WORK REQUIRED
Leave out all pictures while you copy the lines exactly from the one with "- Господи, це" through the last line of the listing.

INFORMATION SHOWN
# # #

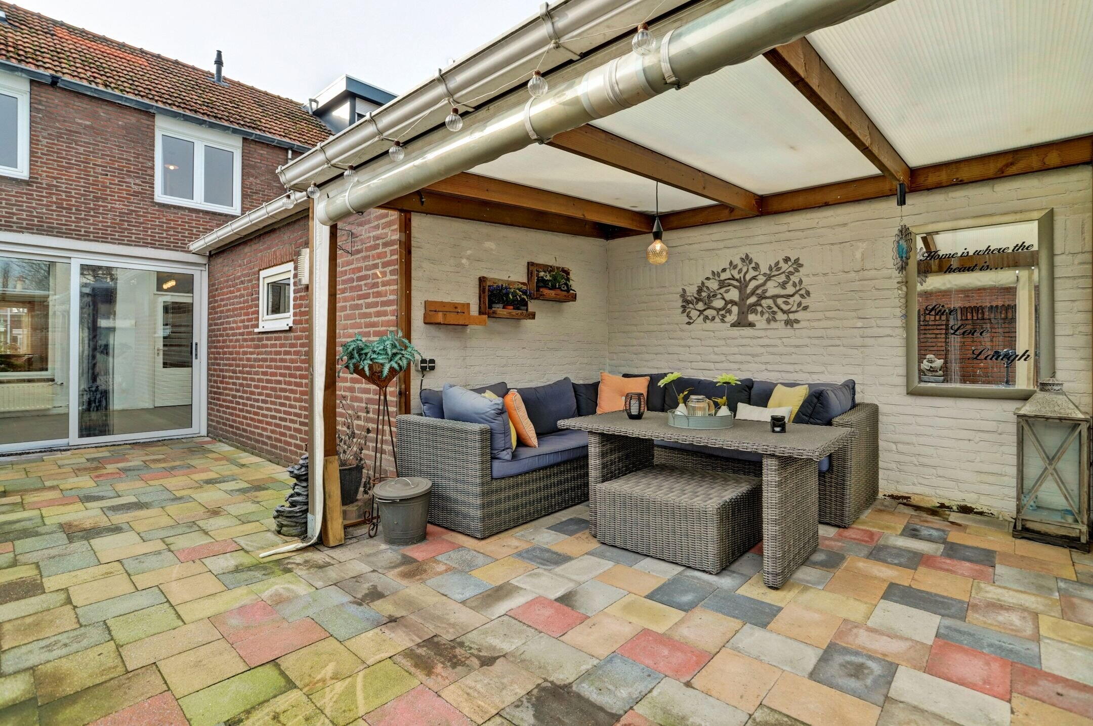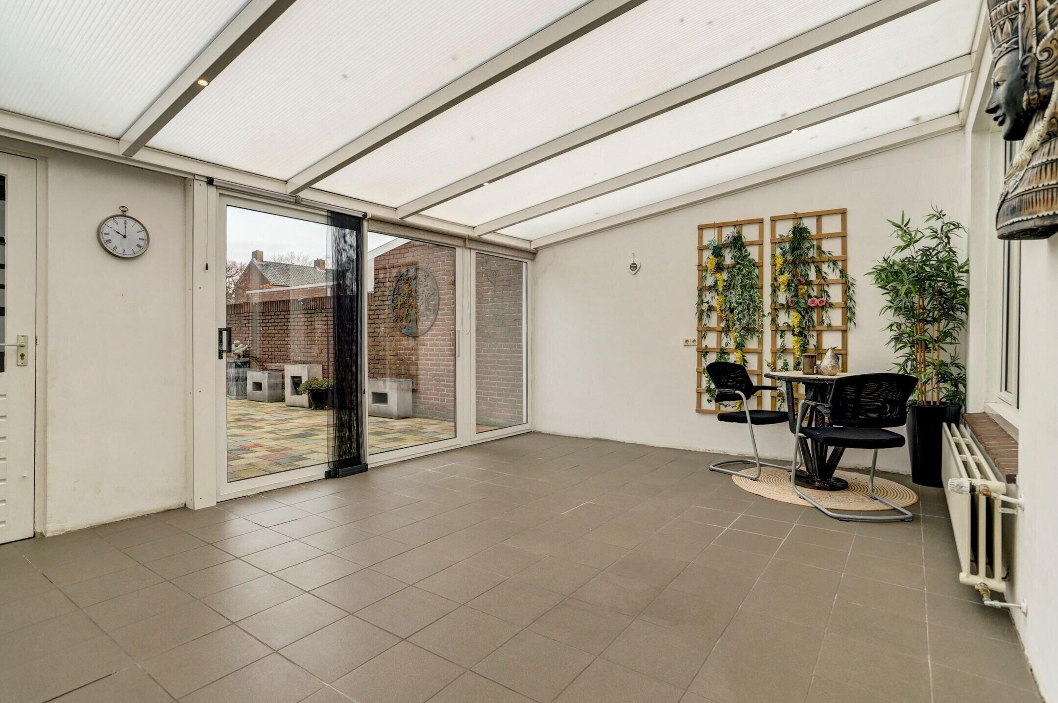 Deze fijne tussenwoning ligt in een rustige straat in Meijel en is keurig netjes bijgehouden en instapklaar. Hier woon je lekker rustig maar met alle comfort binnen handbereik. Bij binnenkomst valt direct de prettige leefruimte op. De lichte woonkamer met open keuken vormt een gezellig geheel en biedt genoeg ruimte om te ontspannen of samen te komen. Een echte meerwaarde is de serre aan de achterzijde waar je dankzij de schuifpui een directe verbinding hebt met de tuin. Hierdoor haal je bij mooi weer buiten moeiteloos naar binnen. Via de serre heb je toegang tot een praktische berging/werkplaats waar ook de witgoedaansluitingen zijn gesitueerd. De achtertuin is onderhoudsvriendelijk aangelegd met losse bloembakken en beschikt over een overdekt terras dat volledig afsluitbaar is met zeilen waardoor je hier al vroeg in het jaar heerlijk beschut kunt zitten. Daarnaast is er nog een fietsenhok aanwezig en via de poort heb je een vrije achterom. Op de eerste verdieping bevinden zich drie ruime slaapkamers, stuk voor stuk prettig van formaat. De badkamer is neutraal ingericht en voorzien van een comfortabele inloopdouche en een dubbele wasbak. Extra bergruimte vind je op de zolder die bereikbaar is via een vlizotrap en ideaal is voor het opbergen van seizoensspullen. Ook aan duurzaamheid is gedacht: op het dak liggen 10 zonnepanelen wat merkbaar scheelt in de maandelijkse energiekosten. Voor de woning ligt bovendien een eigen parkeerplaats met vergunning zodat parkeren altijd eenvoudig en zorgeloos is. Een verzorgde, complete woning op een rustige locatie met verrassend veel extra’s: een plek waar je je snel thuis zult voelen.
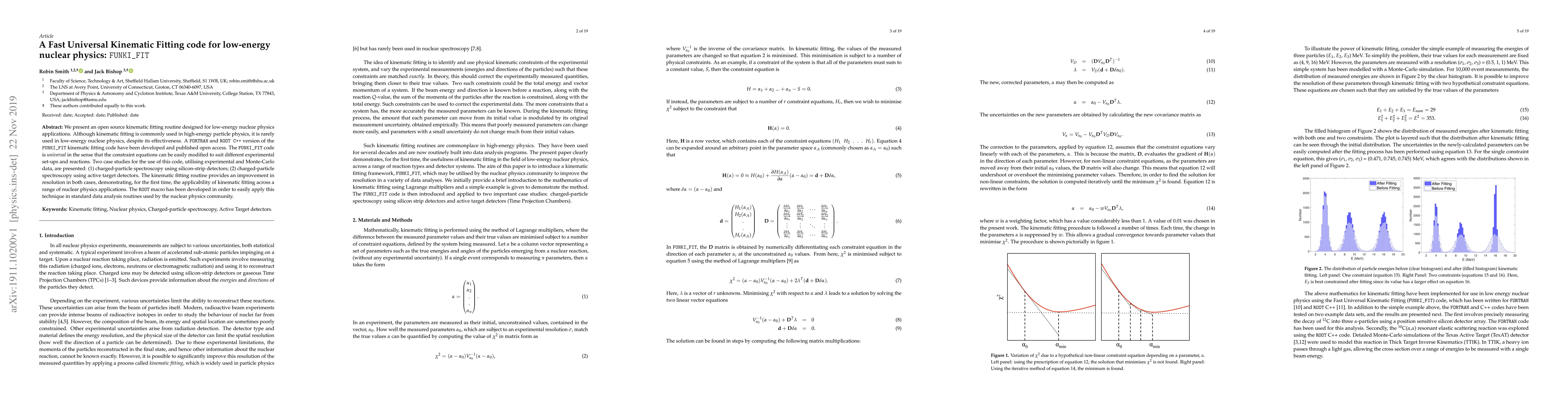 The FUNKI_FIT code is an open-source kinematic fitting tool for low-energy nuclear physics, developed in FORTRAN and ROOT C++ to enhance resolution in charged-particle spectroscopy. It demonstrates effectiveness in two case studies, showcasing its universal applicability across different experimental setups.
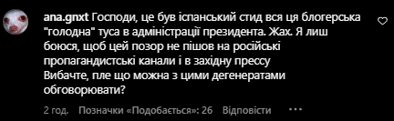 - Господи, це був іспанський стид вся ця блогерська "голодна" туса в адміністрації президента. Жах. Я лиш боюся, щоб цей позор не пішов на російські пропагандистські канали і в західну пресу. Вибачте, але що можна з цими дегенератами обговорювати?
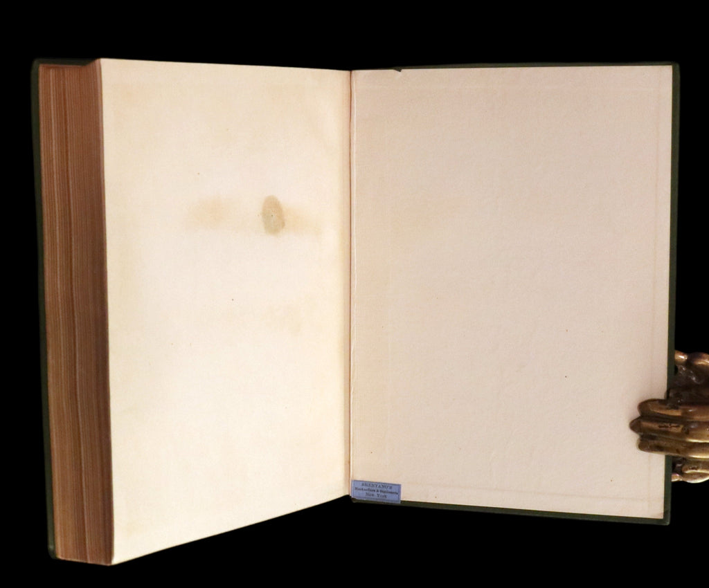 Binding: Very good and attractive original green full cloth-covered boards with gold stamped lettering and the small pictorial pastedown on the front cover. Roses on the top edge of the front cover (hinges fine, overall slightly worn and scuffed - as shown, gilt on spine faded - as shown) under a protective removable mylar cover.

# # #

REPLY TO THE EXERCISE
 - Господи, це був іспанський стид вся ця блогерська "голодна" туса в адміністрації президента. Жах. Я лиш боюся, щоб цей позор не пішов на російські пропагандистські канали і в західну пресу. Вибачте, але що можна з цими дегенератами обговорювати?
 Binding: Very good and attractive original green full cloth-covered boards with gold stamped lettering and the small pictorial pastedown on the front cover. Roses on the top edge of the front cover (hinges fine, overall slightly worn and scuffed - as shown, gilt on spine faded - as shown) under a protective removable mylar cover.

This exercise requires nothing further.